Dataset records
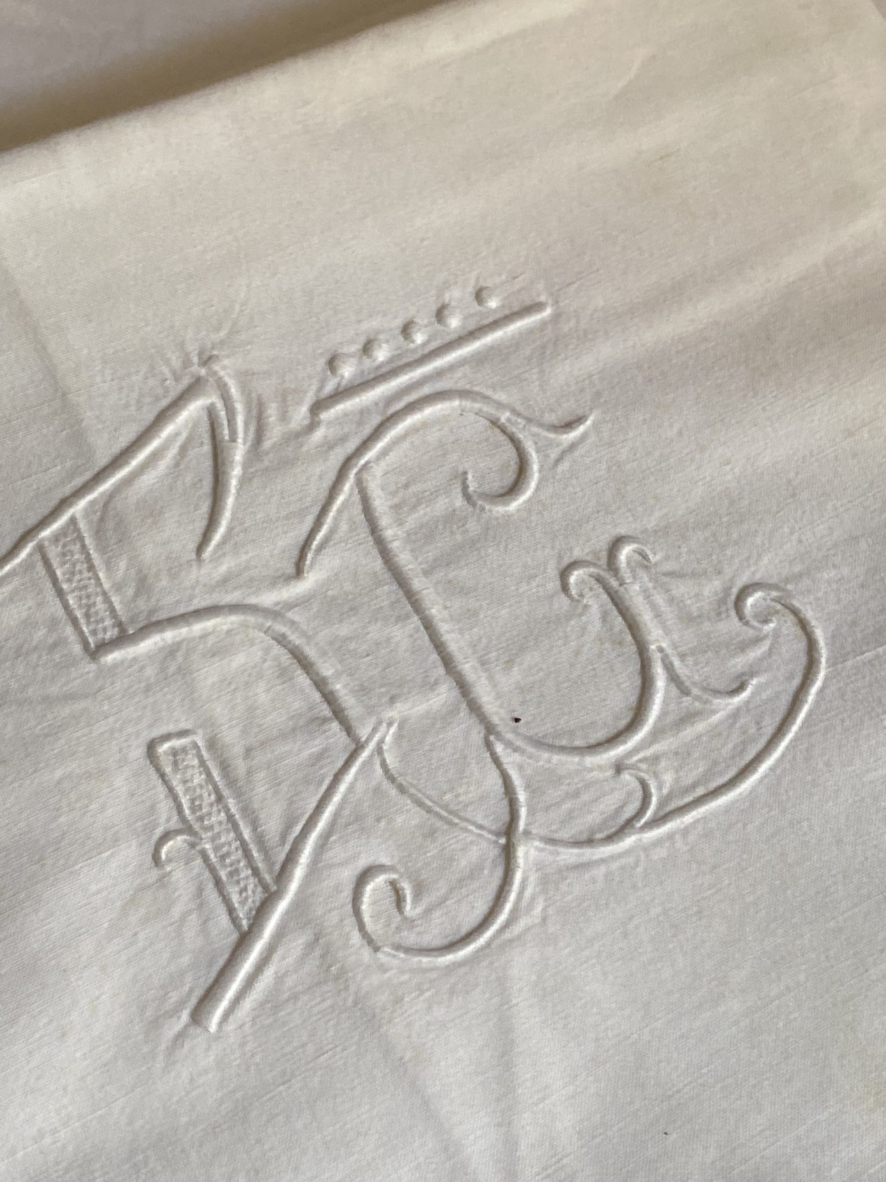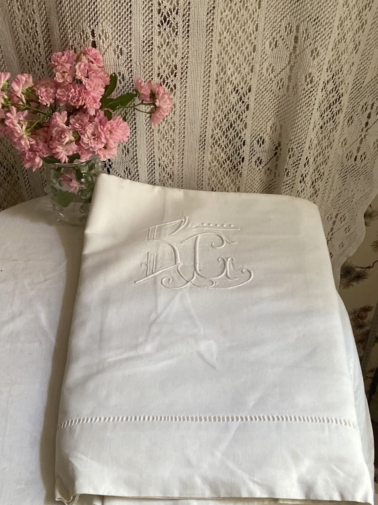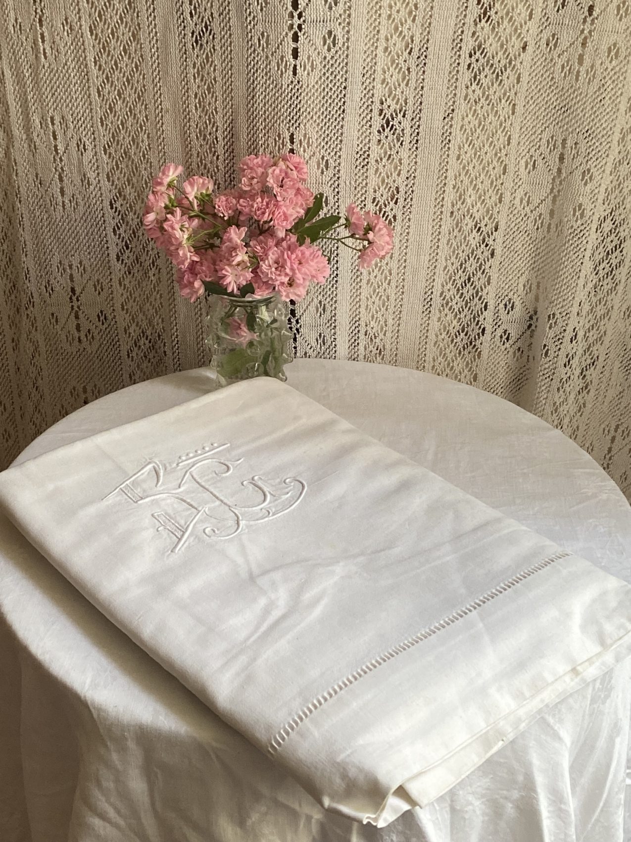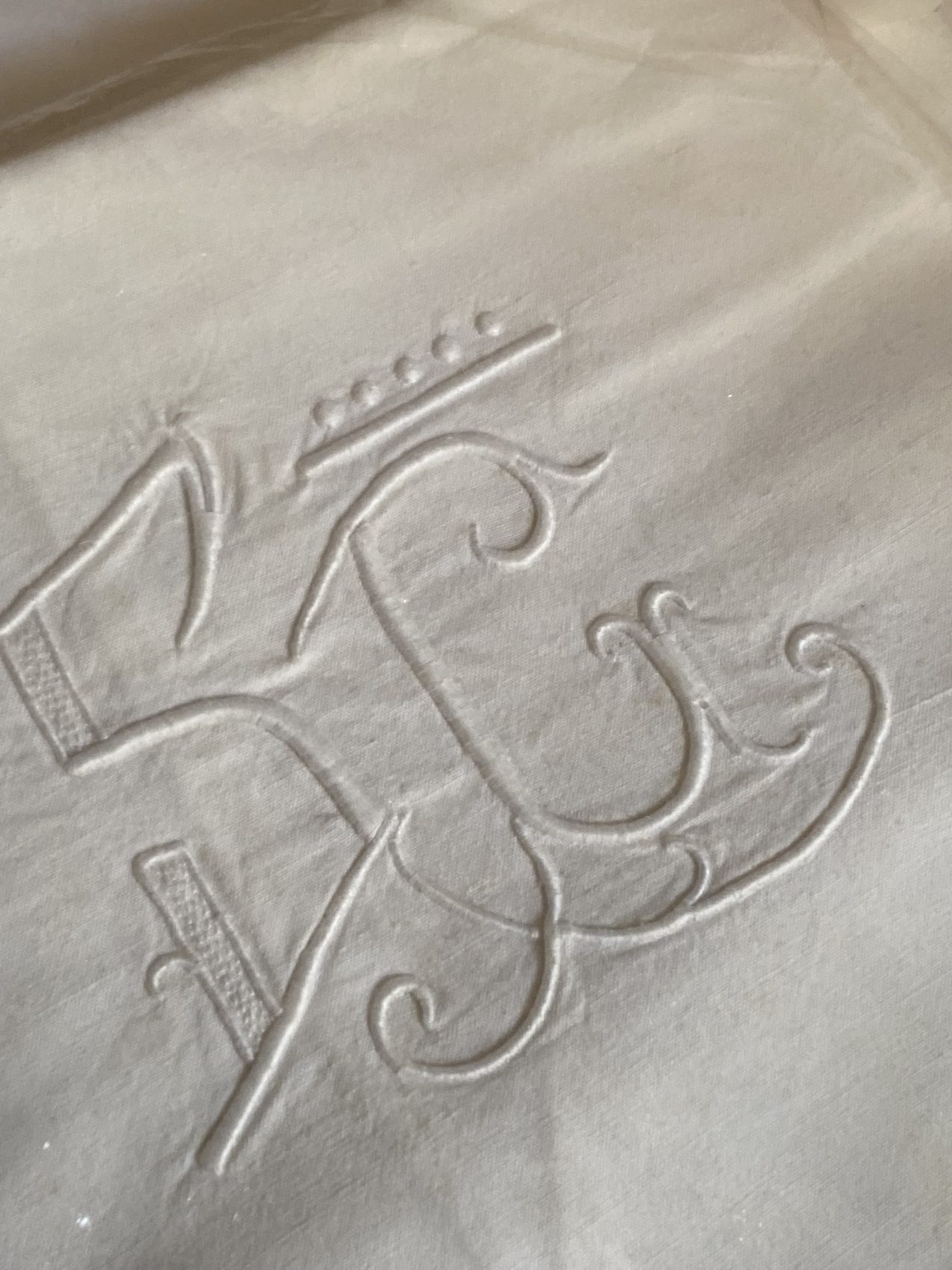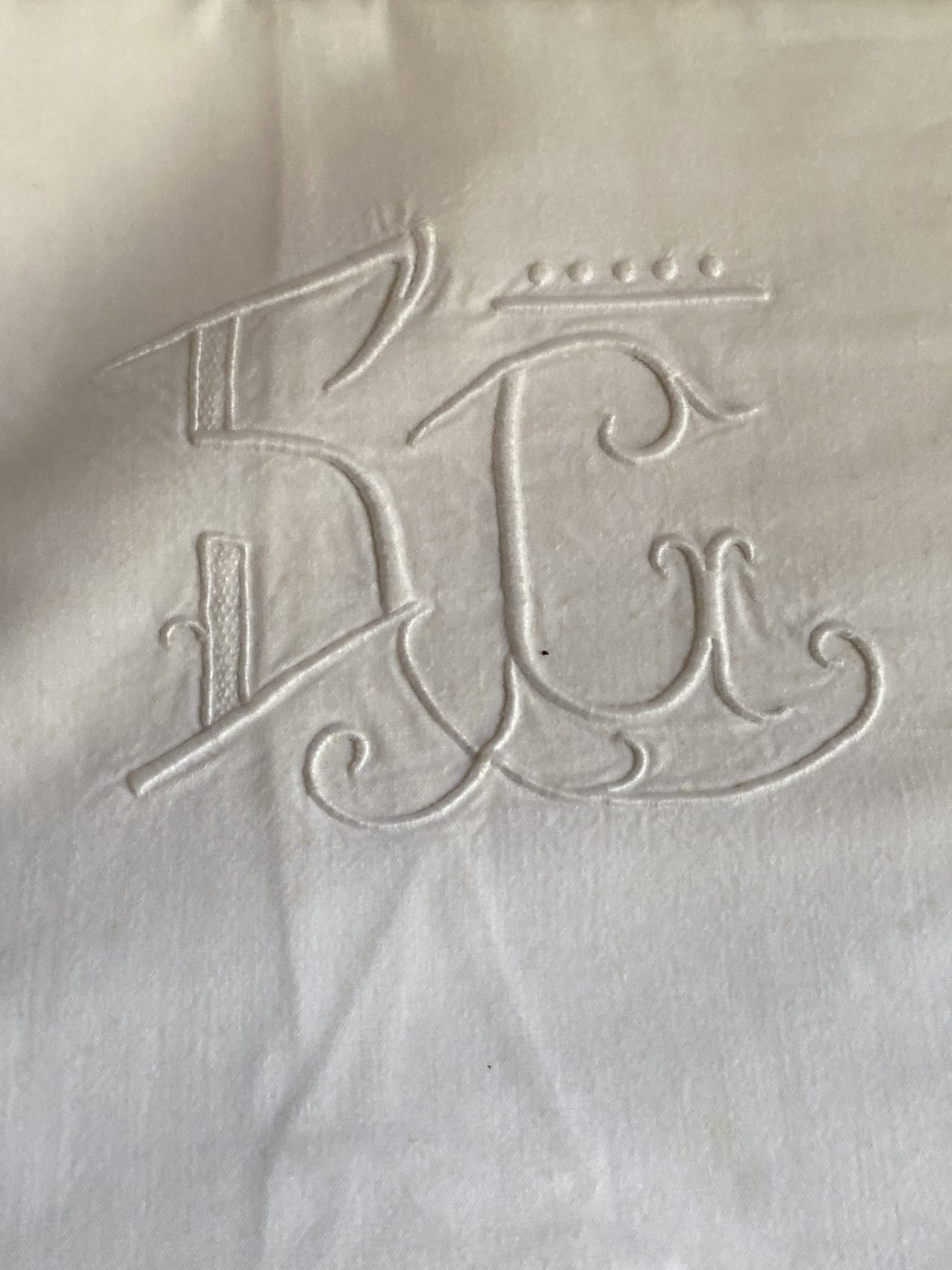 Ce drap est une merveille. Le monogramme est fin et délicat, le tissu a cette douceur particulière qu’on ne retrouve que dans le linge ancien. Je l’ai utilisé sur un lit en 160, parfait !
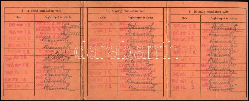 1945 Bp. VIII., Heinrich és Fia Rt. munkaigazolvány
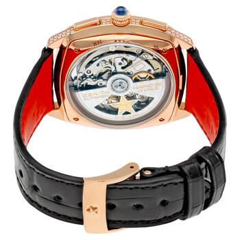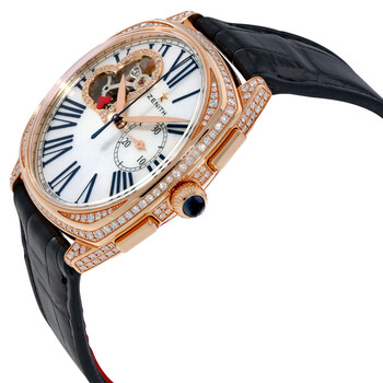18kt rose gold case set with diamond with a black leather and rubber strap. Fixed rose gold bezel set with diamond. White mother of pearl dial with rose gold and blue-tone hands and Roman numeral hour markers. Minute markers around the outer rim. Dial Type: Analog. One sub-dial displaying small seconds at the 3 o'clock position. Automatic movement with a 50-hour power reserve. El Primero 4062 engine. Anti-reflective scratch resistant sapphire crystal. Transparent sapphire glass case back. Case dimension: 37 mm x 37 mm. Case thickness: 12.70 mm. Square case shape. Triple folding clasp. Water resistant at 30 meters / 100 feet. Functions: chronograph, hour, minute, second. Additional Info: heart-shape diamond cut-out on the dial. Luxury watch style. Watch label: Swiss Made. Zenith Heritage Automatic Chronograph Ladies Watch 22.1927.4062/80.C714.
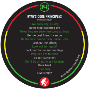 “Extend the impact and spirit of Ryan Hawks to make the world a better place one person, one day, one event, one core value, one decision at a time.”
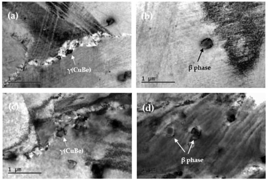 In addition, a large amount of micron-scale β phase material is present in both alloys, as shown in Figure 6b,d. The β phase is a disordered solid solution with a body-centered cubic structure that has the characteristics of high hardness and brittleness. According to the analysis of the phase diagrams, the β phase is stable only above 605 °C, and the transformation process of the β phase is very fast and can only be suppressed during solution treatment [36]. Comparing the two alloys, the size of the β phase in C17200 is 0.05–0.2 μm, while the size of the β phase in the QBe2.0 alloy is 0.5–0.8 μm, and its number is significantly larger than that of the C17200 alloy, which reduces the effect of precipitation strengthening. This is consistent with the previous microstructural observations of the alloys. At the same time, the large precipitates will act as the core of microcrack nucleation and reduce the plasticity of the material in the process of plastic deformation, thereby decreasing the elongation of the material with aging.
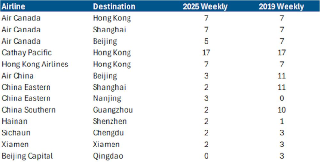 温哥华国际机场 (YVR) 有望在 2025 年创下客运量历史新高,部分原因是亚太地区旅游业的激增,包括中国大陆需求的稳步反弹。 ![]() 作为加拿大第二大机场,温哥华国际机场迎来有史以来最繁忙的夏季。 中国大陆和香港是全球最后几个取消疫情期间严格卫生限制的市场之一,重启过程需要对员工进行再培训,并重新启动停飞多年的飞机。 例如,香港旗舰航空公司国泰航空于 2024 年 6 月将其存放在澳大利亚沙漠设施中的最后一架停飞飞机重新投入使用,这是一个从 2022 年底开始的缓慢渐进的过程。国泰航空在 2025 年 1 月达到了恢复疫情前 100% 航班量的关键里程碑。 中国大陆的航空公司也遵循了类似的时间表重新扩展其业务,首先是国内业务,然后是国际业务。 疫情爆发前,中国大陆是温哥华国际机场 (YVR) 最大的客源地之一,主要通过直飞航班。温哥华国际机场飞往中国大陆的航班数量比北美任何其他机场都多。 目前,虽然中国大陆与温哥华国际机场之间的直飞航线数量和总座位容量仍低于疫情前的水平,但中国旅客的强劲需求正越来越多地通过亚洲各地的连接枢纽得到满足。 温哥华机场管理局航空服务发展总监 Russell Atkinson 本周在接受 Daily Hive Urbanized 采访时表示:“中国市场肯定与疫情之前有所不同,但今年我们已经开始看到一些良好的增长”。 更多直飞中国的航线 目前,来自中国大陆的新增需求中,很大一部分通过香港国际机场(HKG)转机。目前,香港国际机场每周有31个直飞温哥华国际机场(YVR)的往返航班。其中包括国泰航空每周17个航班(每日多班)、加拿大航空每周7个航班(每日一班)以及香港航空每周7个航班(每日一班)。 香港飞往温哥华国际机场 (YVR) 的运力现已完全恢复至疫情前的水平。香港航空于2025年1月恢复了温哥华国际机场的航线,每周两班,并于2025年5月扩展至每日一班,进一步推动了这一反弹。 疫情爆发前,温哥华国际机场共有八家航空公司运营到中国大陆的九条航线。2019年,中国大陆目的地与温哥华国际机场之间每周共有56个直飞往返航班,其中加拿大航空运营上海航线7个,加拿大航空运营北京航线7个,中国国际航空运营北京航线11个,中国东方航空运营上海航线11个,中国南方航空运营广州航线10个,海南航空运营深圳航线1个,四川航空运营成都航线3个,厦门航空运营厦门航线3个,首都航空运营青岛航线3个。 到 2025 年 9 月底,将有 8 家航空公司运营 9 条航线,每周共计有 28 个直飞往返航班,仅比 2019 年少一条航线,但航班数量是 50%。 中国南航将于 9 月 16 日重启广州航线,每周两班,直飞温哥华国际机场。中国东方航空将于 9 月 25 日重启上海航线,每周两班,中途不经停。 目前每周其他飞往中国大陆的航班包括:加拿大航空每周七班飞往上海,加拿大航空每周五班飞往北京,中国国航每周三班飞往北京,海南航空每周两班飞往深圳,四川航空每周两班飞往成都,厦门航空每周两班飞往厦门。中国国航北京航线自2025年8月27日起由每周两班增至每周三班。 “中国还没有恢复到疫情前的水平,但看到产能恢复令人欣慰。与此同时,看到地图上出现新的点,看到亚洲各地的增长,这确实是我们目前发展的重要组成部分”,阿特金森说。 ![]() 温哥华国际机场飞往中国大陆的目的地及航班频率对比。(温哥华机场管理局) 其他亚太地区新航线 除了经香港转机外,他还特别指出,许多中国大陆乘客也通过东京和首尔等枢纽抵达温哥华国际机场,这两个机场都提供频繁、高容量直飞温哥华的航班。 这表明中国大陆目的地与温哥华国际机场之间对更大直飞运力的潜在需求强劲,并表明存在巨大的潜在需求。 事实上,由于几家航空公司首次开通了飞往温哥华国际机场的航班,这两个日本和韩国的枢纽机场的运力近期都大幅提升,给这些航线带来了更大的竞争。 日本航空旗下的廉价航空公司Zipair于2024年3月开通了温哥华国际机场(YVR)和东京成田国际机场之间的航线,每周有三班。此后,该航线航班数量已增至每周五班,在繁忙月份则增至每周六班。 2025 年 7 月,廉价航空公司德威航空 T'Way Air 开通了温哥华国际机场 (YVR) 和首尔仁川国际机场 (ICN) 之间每周四次的航班服务。 阿特金森指出,Zipair 和德威航空早期取得了巨大的成功,其中德威航空接待了许多来自韩国的旅行团。 除了外国航空公司外,加拿大航空在温哥华国际机场的扩张还建立了与亚洲主要枢纽的新的直达航线,从战略上为东南亚、南亚、中东和澳大利亚的目的地提供了充足的连接。 加拿大航空新增了温哥华与新加坡和马尼拉的常年航线,并开通了飞往迪拜和曼谷的季节性航线。这些新增航线强化了加拿大航空将温哥华国际机场 (YVR) 打造为跨太平洋枢纽的战略,同时也进一步支持了机场管理局将自身定位为北美领先的跨太平洋门户的总体目标。 加拿大航空的曼谷至温哥华航线是泰国与北美之间唯一的直飞航线。阿特金森表示,正因如此,这条航线的业绩“异常出色”。 最新一趟加航是在2025年4月,当时加拿大航空开通了马尼拉航线——这是加拿大航空公司运营的唯一一条直飞菲律宾的航线。这条航线的开通得益于加拿大庞大的菲律宾社区的强劲需求,以及大量菲律宾亲友往返于两国之间。 他说:“这正是我们希望看到的,即东盟地区市场实现更大增长,我们看到那里人口结构强劲,贸易和旅游机
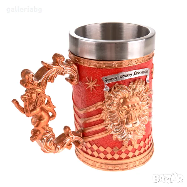 Стилна и тежка чаша, вдъхновена от дома Gryffindor в Хогуортс. Богат релеф, златисти орнаменти, надпис „Courage – Bravery – Determination“ и класическата емблема с лъв. Метална вложка отвътре, подходяща за топли и студени напитки. Изключителна находка за фенове на Harry Potter!

Task statement
Write every line of the data out again exactly, leaving out all images.

Problem solution
 Ce drap est une merveille. Le monogramme est fin et délicat, le tissu a cette douceur particulière qu’on ne retrouve que dans le linge ancien. Je l’ai utilisé sur un lit en 160, parfait !
 1945 Bp. VIII., Heinrich és Fia Rt. munkaigazolvány
18kt rose gold case set with diamond with a black leather and rubber strap. Fixed rose gold bezel set with diamond. White mother of pearl dial with rose gold and blue-tone hands and Roman numeral hour markers. Minute markers around the outer rim. Dial Type: Analog. One sub-dial displaying small seconds at the 3 o'clock position. Automatic movement with a 50-hour power reserve. El Primero 4062 engine. Anti-reflective scratch resistant sapphire crystal. Transparent sapphire glass case back. Case dimension: 37 mm x 37 mm. Case thickness: 12.70 mm. Square case shape. Triple folding clasp. Water resistant at 30 meters / 100 feet. Functions: chronograph, hour, minute, second. Additional Info: heart-shape diamond cut-out on the dial. Luxury watch style. Watch label: Swiss Made. Zenith Heritage Automatic Chronograph Ladies Watch 22.1927.4062/80.C714.
 “Extend the impact and spirit of Ryan Hawks to make the world a better place one person, one day, one event, one core value, one decision at a time.”
 In addition, a large amount of micron-scale β phase material is present in both alloys, as shown in Figure 6b,d. The β phase is a disordered solid solution with a body-centered cubic structure that has the characteristics of high hardness and brittleness. According to the analysis of the phase diagrams, the β phase is stable only above 605 °C, and the transformation process of the β phase is very fast and can only be suppressed during solution treatment [36]. Comparing the two alloys, the size of the β phase in C17200 is 0.05–0.2 μm, while the size of the β phase in the QBe2.0 alloy is 0.5–0.8 μm, and its number is significantly larger than that of the C17200 alloy, which reduces the effect of precipitation strengthening. This is consistent with the previous microstructural observations of the alloys. At the same time, the large precipitates will act as the core of microcrack nucleation and reduce the plasticity of the material in the process of plastic deformation, thereby decreasing the elongation of the material with aging.
 温哥华国际机场 (YVR) 有望在 2025 年创下客运量历史新高,部分原因是亚太地区旅游业的激增,包括中国大陆需求的稳步反弹。 ![]() 作为加拿大第二大机场,温哥华国际机场迎来有史以来最繁忙的夏季。 中国大陆和香港是全球最后几个取消疫情期间严格卫生限制的市场之一,重启过程需要对员工进行再培训,并重新启动停飞多年的飞机。 例如,香港旗舰航空公司国泰航空于 2024 年 6 月将其存放在澳大利亚沙漠设施中的最后一架停飞飞机重新投入使用,这是一个从 2022 年底开始的缓慢渐进的过程。国泰航空在 2025 年 1 月达到了恢复疫情前 100% 航班量的关键里程碑。 中国大陆的航空公司也遵循了类似的时间表重新扩展其业务,首先是国内业务,然后是国际业务。 疫情爆发前,中国大陆是温哥华国际机场 (YVR) 最大的客源地之一,主要通过直飞航班。温哥华国际机场飞往中国大陆的航班数量比北美任何其他机场都多。 目前,虽然中国大陆与温哥华国际机场之间的直飞航线数量和总座位容量仍低于疫情前的水平,但中国旅客的强劲需求正越来越多地通过亚洲各地的连接枢纽得到满足。 温哥华机场管理局航空服务发展总监 Russell Atkinson 本周在接受 Daily Hive Urbanized 采访时表示:“中国市场肯定与疫情之前有所不同,但今年我们已经开始看到一些良好的增长”。 更多直飞中国的航线 目前,来自中国大陆的新增需求中,很大一部分通过香港国际机场(HKG)转机。目前,香港国际机场每周有31个直飞温哥华国际机场(YVR)的往返航班。其中包括国泰航空每周17个航班(每日多班)、加拿大航空每周7个航班(每日一班)以及香港航空每周7个航班(每日一班)。 香港飞往温哥华国际机场 (YVR) 的运力现已完全恢复至疫情前的水平。香港航空于2025年1月恢复了温哥华国际机场的航线,每周两班,并于2025年5月扩展至每日一班,进一步推动了这一反弹。 疫情爆发前,温哥华国际机场共有八家航空公司运营到中国大陆的九条航线。2019年,中国大陆目的地与温哥华国际机场之间每周共有56个直飞往返航班,其中加拿大航空运营上海航线7个,加拿大航空运营北京航线7个,中国国际航空运营北京航线11个,中国东方航空运营上海航线11个,中国南方航空运营广州航线10个,海南航空运营深圳航线1个,四川航空运营成都航线3个,厦门航空运营厦门航线3个,首都航空运营青岛航线3个。 到 2025 年 9 月底,将有 8 家航空公司运营 9 条航线,每周共计有 28 个直飞往返航班,仅比 2019 年少一条航线,但航班数量是 50%。 中国南航将于 9 月 16 日重启广州航线,每周两班,直飞温哥华国际机场。中国东方航空将于 9 月 25 日重启上海航线,每周两班,中途不经停。 目前每周其他飞往中国大陆的航班包括:加拿大航空每周七班飞往上海,加拿大航空每周五班飞往北京,中国国航每周三班飞往北京,海南航空每周两班飞往深圳,四川航空每周两班飞往成都,厦门航空每周两班飞往厦门。中国国航北京航线自2025年8月27日起由每周两班增至每周三班。 “中国还没有恢复到疫情前的水平,但看到产能恢复令人欣慰。与此同时,看到地图上出现新的点,看到亚洲各地的增长,这确实是我们目前发展的重要组成部分”,阿特金森说。 ![]() 温哥华国际机场飞往中国大陆的目的地及航班频率对比。(温哥华机场管理局) 其他亚太地区新航线 除了经香港转机外,他还特别指出,许多中国大陆乘客也通过东京和首尔等枢纽抵达温哥华国际机场,这两个机场都提供频繁、高容量直飞温哥华的航班。 这表明中国大陆目的地与温哥华国际机场之间对更大直飞运力的潜在需求强劲,并表明存在巨大的潜在需求。 事实上,由于几家航空公司首次开通了飞往温哥华国际机场的航班,这两个日本和韩国的枢纽机场的运力近期都大幅提升,给这些航线带来了更大的竞争。 日本航空旗下的廉价航空公司Zipair于2024年3月开通了温哥华国际机场(YVR)和东京成田国际机场之间的航线,每周有三班。此后,该航线航班数量已增至每周五班,在繁忙月份则增至每周六班。 2025 年 7 月,廉价航空公司德威航空 T'Way Air 开通了温哥华国际机场 (YVR) 和首尔仁川国际机场 (ICN) 之间每周四次的航班服务。 阿特金森指出,Zipair 和德威航空早期取得了巨大的成功,其中德威航空接待了许多来自韩国的旅行团。 除了外国航空公司外,加拿大航空在温哥华国际机场的扩张还建立了与亚洲主要枢纽的新的直达航线,从战略上为东南亚、南亚、中东和澳大利亚的目的地提供了充足的连接。 加拿大航空新增了温哥华与新加坡和马尼拉的常年航线,并开通了飞往迪拜和曼谷的季节性航线。这些新增航线强化了加拿大航空将温哥华国际机场 (YVR) 打造为跨太平洋枢纽的战略,同时也进一步支持了机场管理局将自身定位为北美领先的跨太平洋门户的总体目标。 加拿大航空的曼谷至温哥华航线是泰国与北美之间唯一的直飞航线。阿特金森表示,正因如此,这条航线的业绩“异常出色”。 最新一趟加航是在2025年4月,当时加拿大航空开通了马尼拉航线——这是加拿大航空公司运营的唯一一条直飞菲律宾的航线。这条航线的开通得益于加拿大庞大的菲律宾社区的强劲需求,以及大量菲律宾亲友往返于两国之间。 他说:“这正是我们希望看到的,即东盟地区市场实现更大增长,我们看到那里人口结构强劲,贸易和旅游机
 Стилна и тежка чаша, вдъхновена от дома Gryffindor в Хогуортс. Богат релеф, златисти орнаменти, надпис „Courage – Bravery – Determination“ и класическата емблема с лъв. Метална вложка отвътре, подходяща за топли и студени напитки. Изключителна находка за фенове на Harry Potter!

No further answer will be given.